Уже несколько часов, с самого приезда в город где-то в закоулках сознания зрела убежденность, что за ним следят.
Интуиции своей он доверял, иначе уже не раз мог оказаться.., да нет, точно стал бы трупом. А так становились трупами другие (надо отметить, очень многие), имевшие несчастье по глупости нападать на него.
Он присел на скамейку, подобно трем другим зомбированным посетителям, уставшим бродить в поисках хоть какого-то разнообразия в этих бесконечных волнах, и уставился на громадное, метра три на шесть, не меньше, полотно с изображением шторма. Интересно, как такие огромные картины протаскивают через столь маленькие двери? Конечно, по частям: отдельно разобранную раму, отдельно скатанный ковром шедевр…

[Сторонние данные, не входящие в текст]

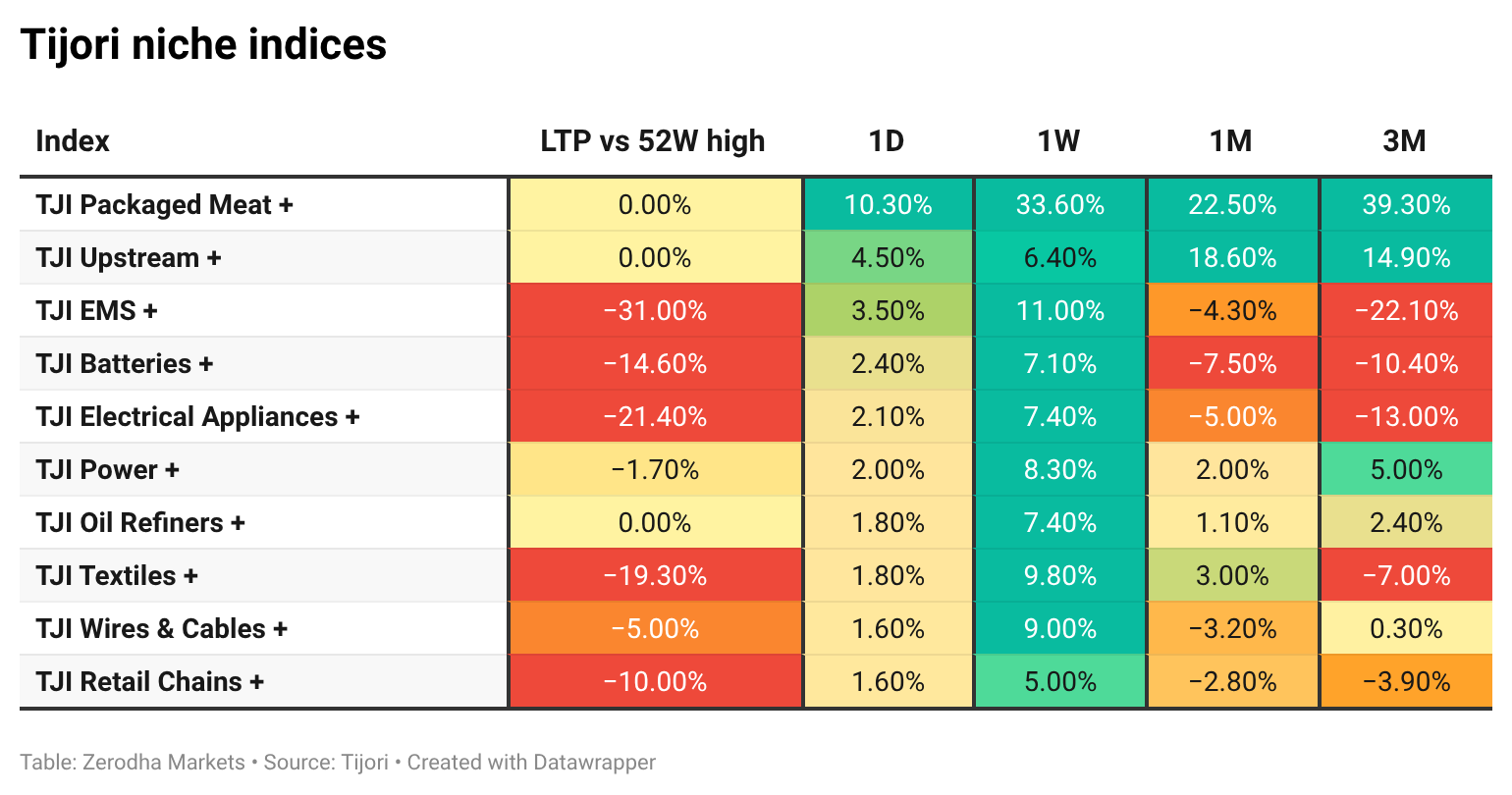 Tijori is an investment research platform that has constructed niche indices for various themes and sub-sectors. They help you understand the market performance of narrow slices of the market. You can also track the Promoter buying and other interesting stuff, like Capex activity by the companies in the Tijori App’s idea dashboard
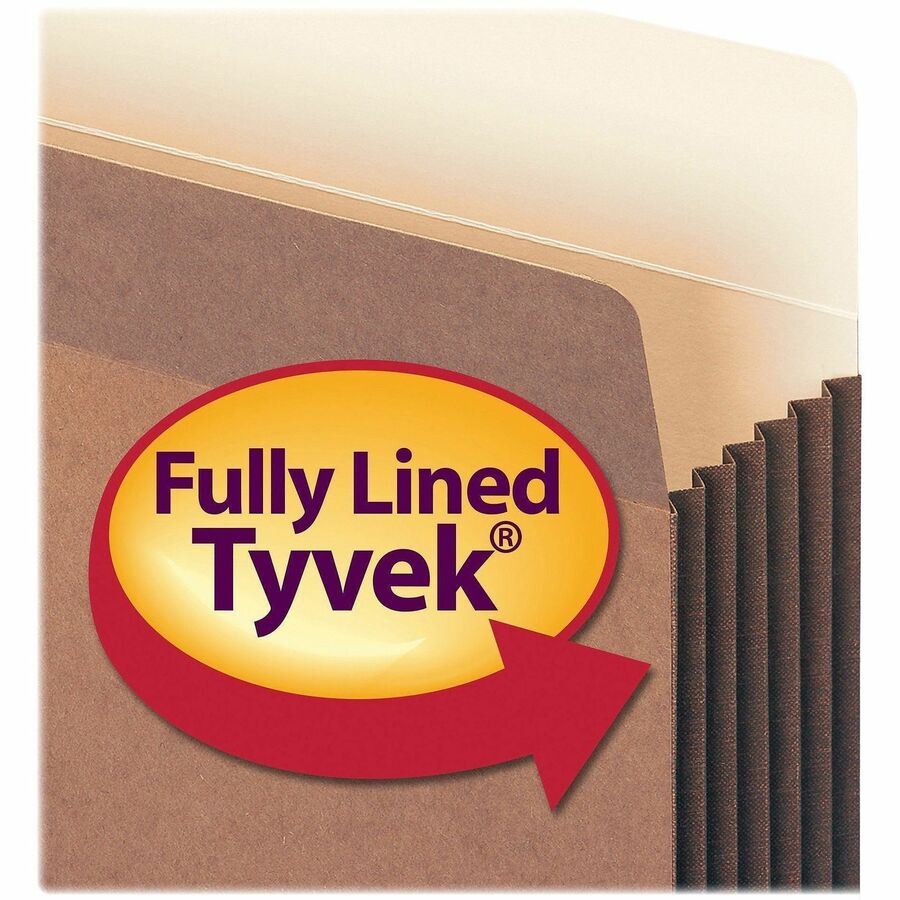 | Marketing Information | Active legal files, accounting or tax files, financial statements or other heavy materials need the extra strength. These sturdy file pockets with an accordion design are great for managing bulky records. Durable, tear-resistant material reinforcement at the top of the gussets makes the sides of these pockets virtually tearproof. Drop-front style allows easy access to bulky, frequently used legal-size files. Other features include 12-1/2 point redrope back with 11 point manila liner, rounded top corners, 6-1/2" high tear-resistant material gussets and double-thick, 9 point redrope front. |

Утром Николай приехал из Москвы, где в пыльном каменном пекле стало ему невмоготу, приехал, но разницы не ощутил; было еще более томно, лишь влажный резкий бриз со стороны моря несколько освежал.
На вокзале, сойдя с подножки вагона, он ловко увернулся от назойливых аборигенов, увешанных написанными от руки объявлениями о сдаче комнат, квартир и домиков, но тут столкнулся нос к носу с двумя ментами. Стоит взглянуть в глаза представителям правоохранительных органов, как тебя незамедлительно привлекают. Неважно, где: в Москве, Вашингтоне (где он не бывал) или здесь, в солнечном раю Феодосии.
Наверное, стражам порядка есть что скрывать за серо-синими мундирами, поэтому они не терпят любопытных взглядов. Впрочем, что может интересовать нормального обывателя в каком-то мусоре? Как бы то ни было, стоило ему задержать взгляд на великолепной паре, как его тут же остановили.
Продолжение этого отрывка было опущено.